The cytoplasmic domains of each RHL subunit have a single Cys
residue within 5 amino acids of the transmembrane domain, which is a
likely site for fatty acylation. The same position in the transferrin
receptor is palmitoylated(30, 31, 35) .
Studies are in progress to determine the site(s) of modification in the
three RHL subunits. The three ASGP-R subunits are known to have
different extents of glycosylation(9) , and are also
differentially modified by phosphorylation in their cytoplasmic
domains(36, 37) . Our present results strongly suggest
that the three subunits are also modified by fatty acylation to
different extents. Thus, in the steady-state situation, all RHL
subunits contain palmitate and stearate in similar ratios, but the
amount of these two fatty acids in RHL1 is smaller than in RHL2 and
RHL3. We report in the accompanying paper (15) that treatment
of radiolabeled affinity-purified ASGP-Rs with hydroxylamine completely
removes the [H]palmitic acid from RHL1, RHL2, and
RHL3. The metabolic labeling experiments indicate that, in fact, only
the State 2 ASGP-Rs (one of two receptor subpopulations that we have
previously characterized) are palmitoylated and the vast majority of
fatty acylation is via thioester bonds.
One population of ASGP-Rs (the State 2 ASGP-Rs) undergoes a transient inactivation-reactivation cycle during receptor recycling(6, 11, 12, 13, 14) . Such an inactivation-reactivation cycle may provide a biological basis for the high efficiency of the ligand-receptor segregation step in this and in other recycling receptor systems(6) . That fatty acyl-CoAs can regulate ASGP-R activity in permeable hepatocytes(13, 14) , suggests that a reversible fatty acylation-deacylation process could be the molecular basis of the State 2 receptor inactivation-reactivation cycle. The finding that one population of purified ASGP-Rs is selectively inactivated by hydroxylamine treatment, under mild conditions that releases essentially all of the covalently associated fatty acids,(15) , supports this hypothesis. Thus, we conclude that the three ASGP-R subunits are modified by palmitate and stearate, and that acylation-deacylation of the ASGP-R could directly regulate its activity.

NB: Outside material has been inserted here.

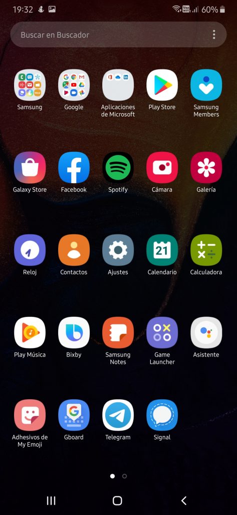 - Aplicaciones: Twitter, Facebook, Messenger, WhatsApp, Telegram, Instagram, YouTube, Gmail, Apple Music, Sismo Detector, Grillo, Google Pay, Signal, Samsung Health, Tapatalk, VTR Play, Swarm, Google Noticias, Net Monitor, entre otras.

An important point about the fatty acylation results presented here is that we analyzed the total active ASGP-R pool, which contains both State 1 and State 2 receptors. It is likely that the State 1 ASGP-Rs are not fatty acylated; fatty acylation may occur exclusively in the State 2 ASGP-R population(15) . Further studies will address whether fatty acylation in RHL1, RHL2, and/or RHL3 is the molecular basis for the two functionally distinct receptor populations and how fatty acylation/deacylation regulates receptor activity.